Also, I personally saw a pretty good number of birds that were clearly sick. It was nigh on to impossible to find an "official" to report this to and even after finding someone, I really doubt anything proper was done.

This type of thing is total c**p, IMO, and should not be condoned by the NPA nor by anyone who goes to the Grand National or any other pigeon show.

JMO.

Terry


----------



## jacobsshygrl (May 3, 2006)

Thats absolutely horrible!!!! Penalties should really be more strongly enforced. Cruelty to animals is one of the worst crimes, in my opinion, because animals can't fight back, or at least not well. They are innocent victims. I was at a dogsled pull competition once while on vacation and I witnessed extremely sick dogs who were suffereing from anything from malnutrition, open wounds from leash and colar pulls, fleas, and who knows what else. After a dog would lose some owners could be seen beating the losing dog. I dont want to say all competition owners of all animals are like this, I'm sure there are competition people who take care of their pigeons, or cats, or dogs, or whatever animal they show, but there are so many who don't. Its horrible.


----------



## Keys & Eyegone (May 9, 2004)

That's sick!
When I was fight off the Deptment of Natural Resouces to keep my birds I soon found out that the SPCA has control over all that. So basicly if you did actaully see the birds being killed or abanboned by the owner, they can be charged with animal crutly, neglect and previsions of needs. So in other words a nice big fine and a possible trip to the court house. 
Thought I'd let you all know about this.
Hilary Dawn


----------



## george simon (Feb 28, 2006)

JUST WAIT A MINUTE HERE.I show pigeons and I resent what is being said here I have showen birds and I never saw birds killed(CULLED) at a show.You are painting all of us that show pigeons with the same brush and I for one do not like it. I HAVE TO STOP BEFORE I LOSE MY COOL I AM PISS.  .GEORGE


----------



## george simon (Feb 28, 2006)

becege said:


> The NPA Grand National Pigeon show will be held Dec. 7-9 at the fairgrounds in Des Moines, IA.
> 
> Many bring birds to sell and unfortunately those that are not sold are sometimes destroyed on the premises after the show and dumped in dumpsters, to be discovered later by the clean up crews---much to their consternation.
> 
> ...


BECEGE TELL ME WHAT SHOWS THAT YOU SAW THIS HAPPING OR IS THIS JUST HEAR SAY ON YOUR PART,AND IF YOU DID SEE THIS WHAT DID YOU DO TO STOP IT AT THAT TIME? .GEORGE


----------



## andinla (Mar 11, 2003)

*George I can*

understand you being upset on the treatment of pigeons at shows, but it isn't directed at you just because you show pigeons.

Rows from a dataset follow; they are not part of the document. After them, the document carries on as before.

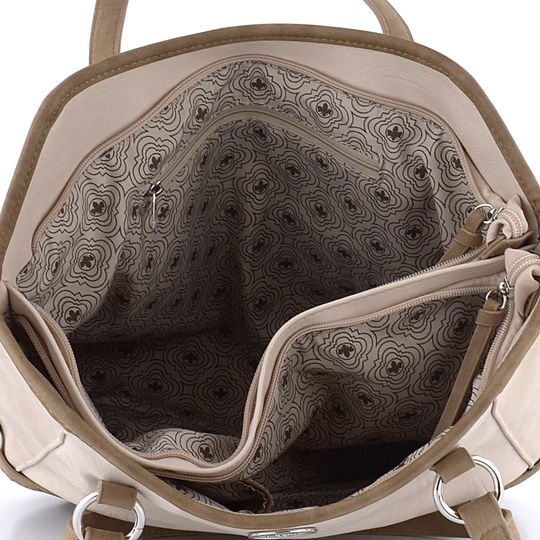 Dámská prostorná shopper kabelka v pěkné kombinaci béžové a hnědé barvy.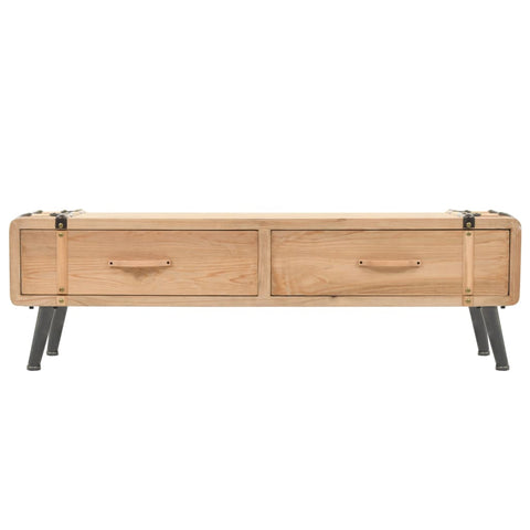 This retro-style wooden TV cabinet exudes a rustic charm that will make a decorative addition to your bedroom or living room decor. This highly stable and durable HiFi cabinet was crafted from solid fir wood. The sturdy top is ideal for placing your TV or HiFi system as well as some decorative items such as vases or fruit baskets. The drawers provide ample space for keeping your DVD player, game console, streaming device, media carriers, etc. neatly organised. The special luggage design adds to this lowboard's vintage style. Assembly is easy.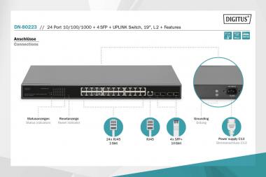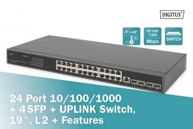 19" 24 Port 10/100/1000 Switch + 4 SFP+ UPLINK Ports , L2+ Funktionen
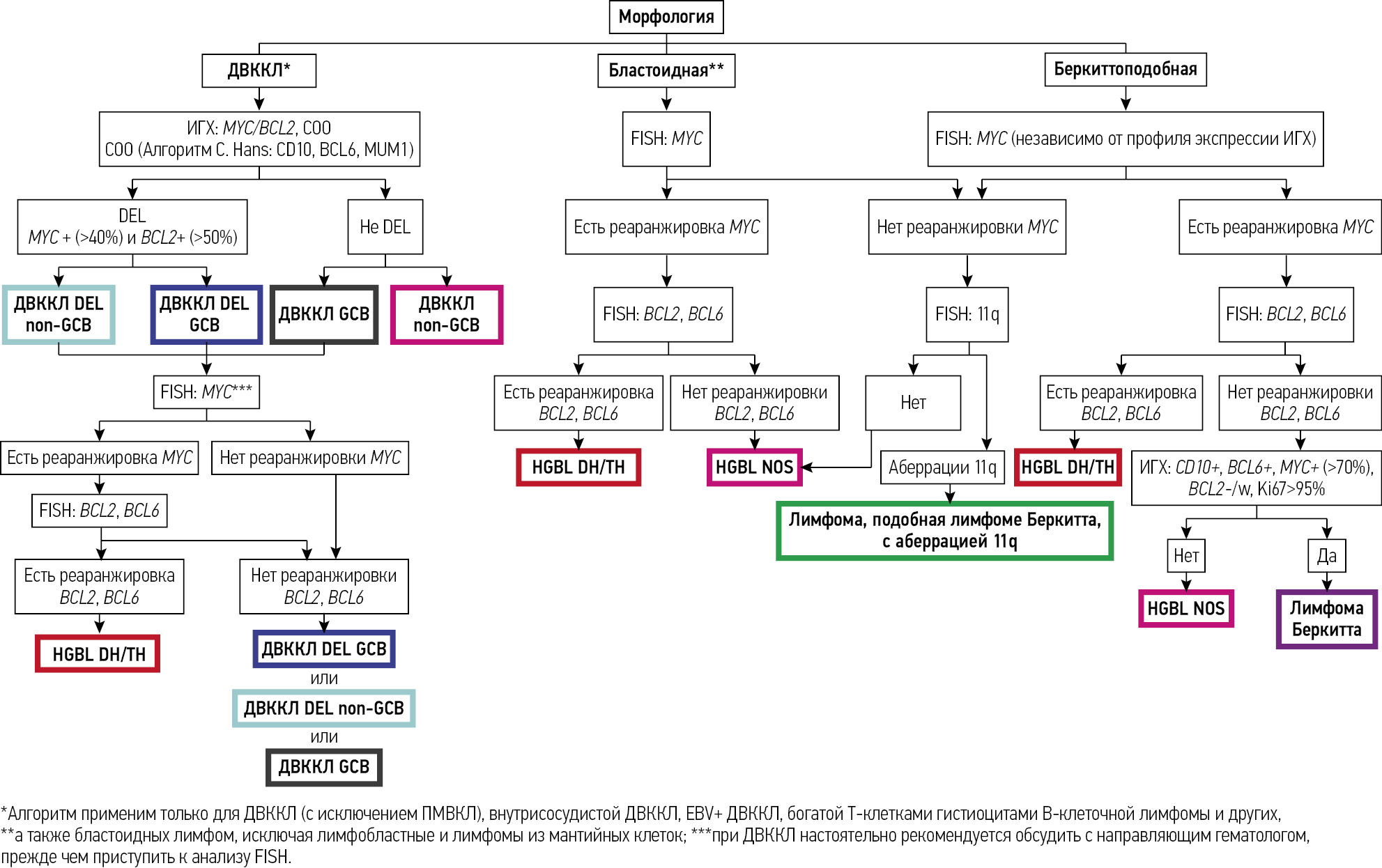 Прежде чем приступить к FISH-анализу согласно практическому диагностическому алгоритму, предложенному A. Di Napoli и соавт. [51], в случаях ДВККЛ рекомендуется обсудить с направляющим клиницистом-гематологом результаты ИГХ-скрининга, чтобы подтвердить потенциальную возможность использования в данном случае высокоинтенсивных подходов индукционной химиоиммунотерапии по поводу HGBL DH/TH [51]. Анализ FISH следует выполнять в любом случае при лимфомах с бластоидной морфологией или с морфологическими промежуточными признаками между ДВККЛ и лимфомой Беркитта.

The person posting this information obviously knows this to be true, especially Terry W info... it is true what people do to these birds if not killing them on the spot, releasing and leaving them in their cages at the shows is death but in a slower more inhumane way. It is a known fact that Racers and Show pigeon owners have been known to Cull their stock.. I find it a horrible practice and I believe it should be out lawed. If life was so simply as to kill the loser so to bring forth the stronger, geez a lot of humans would of been culled.

Andi


----------



## george simon (Feb 28, 2006)

HI ANDI, Terry did not say anything about culling.she spoke of birds being left behind. The problem as I see it is in the sales area where the FEATHER MERCHANTS(sellers of birds) are trying to get rid of their culls,and these people are the ones that leave birds behind. The thing that upsets me is talk of killing birds and throwing the body in the thash,once again I will say I have never seen it done at a show,if I did I would stop the person or persons doing it.I am not in the dark when it comes to people culling birds, and I am sure there are those that will cull their birds when they get home.We can't put a cop in everyones back yard. . GEORGE


----------



## Keys & Eyegone (May 9, 2004)

george simon said:


> We can't put a cop in everyones back yard.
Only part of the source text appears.